# Exercise description
If you see a picture in the data below, omit it and copy the rest exactly.

# Data excerpt
[Start of Attachment]
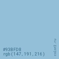 Цвет #93BFD8 в цветовой модели RGB обозначается тремя октетами (147, 191, 216) в десятичном формате и #93BFD8 в шестнадцатиричном (hex) формате, которые являются интенсивностью красного 147 (hex 93), интенсивность зелёного 191 (hex BF) и интенсивность синего 216 (hex D8).
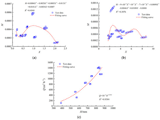 Fitting curves of the flow coefficient under different flow patterns: (a) free outflow with gate control; (b) submerged outflow with gate control; and (c) weir flow.
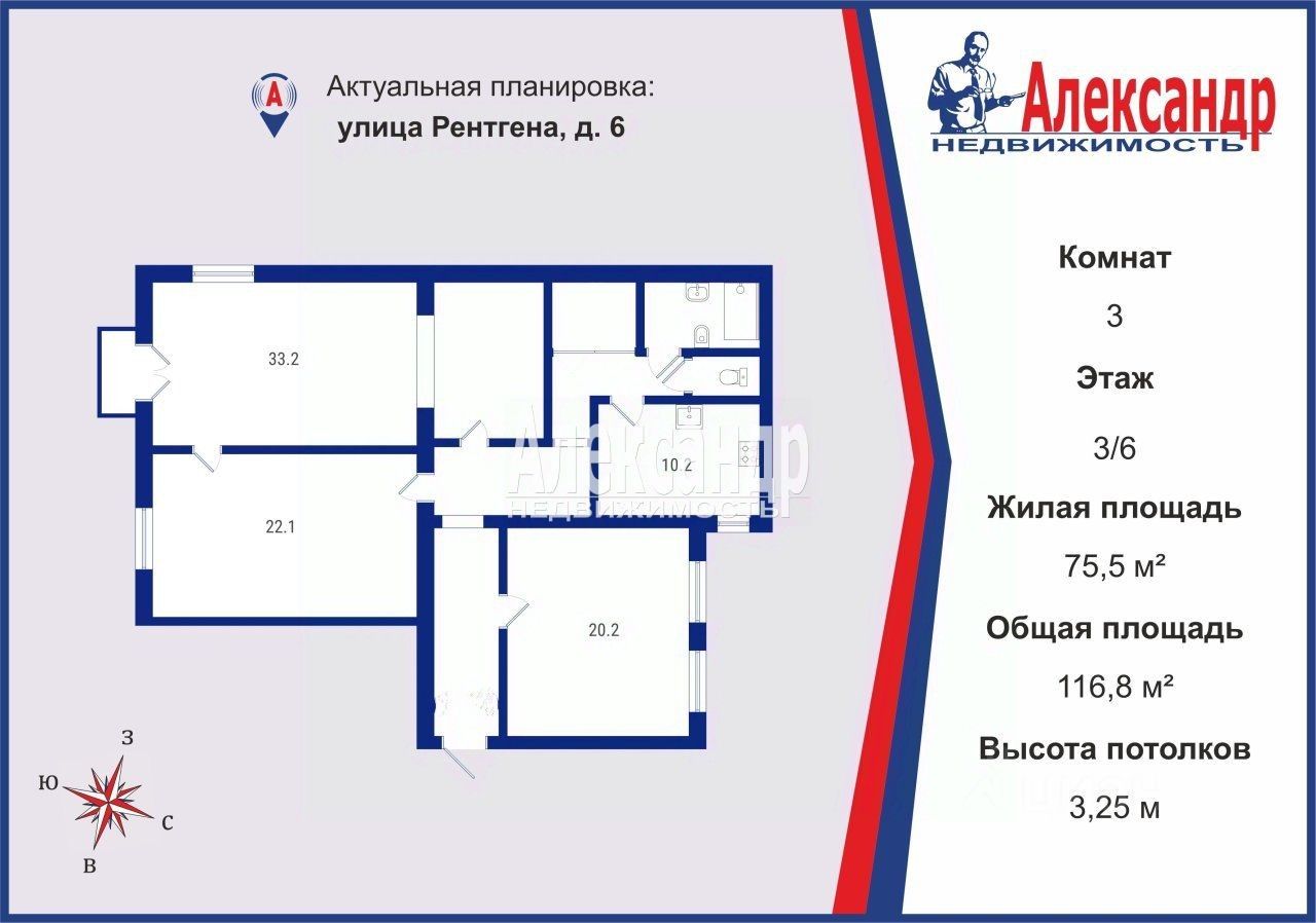 3-к, Рентгена, 25 Показать на карте
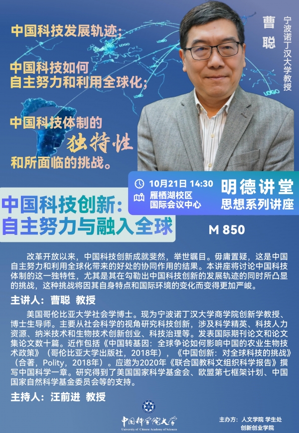明德讲堂M850预告:中国科技创新:自主努力与融入全球
[End of Attachment]
# Task response
 Цвет #93BFD8 в цветовой модели RGB обозначается тремя октетами (147, 191, 216) в десятичном формате и #93BFD8 в шестнадцатиричном (hex) формате, которые являются интенсивностью красного 147 (hex 93), интенсивность зелёного 191 (hex BF) и интенсивность синего 216 (hex D8).
 Fitting curves of the flow coefficient under different flow patterns: (a) free outflow with gate control; (b) submerged outflow with gate control; and (c) weir flow.
 3-к, Рентгена, 25 Показать на карте
明德讲堂M850预告:中国科技创新:自主努力与融入全球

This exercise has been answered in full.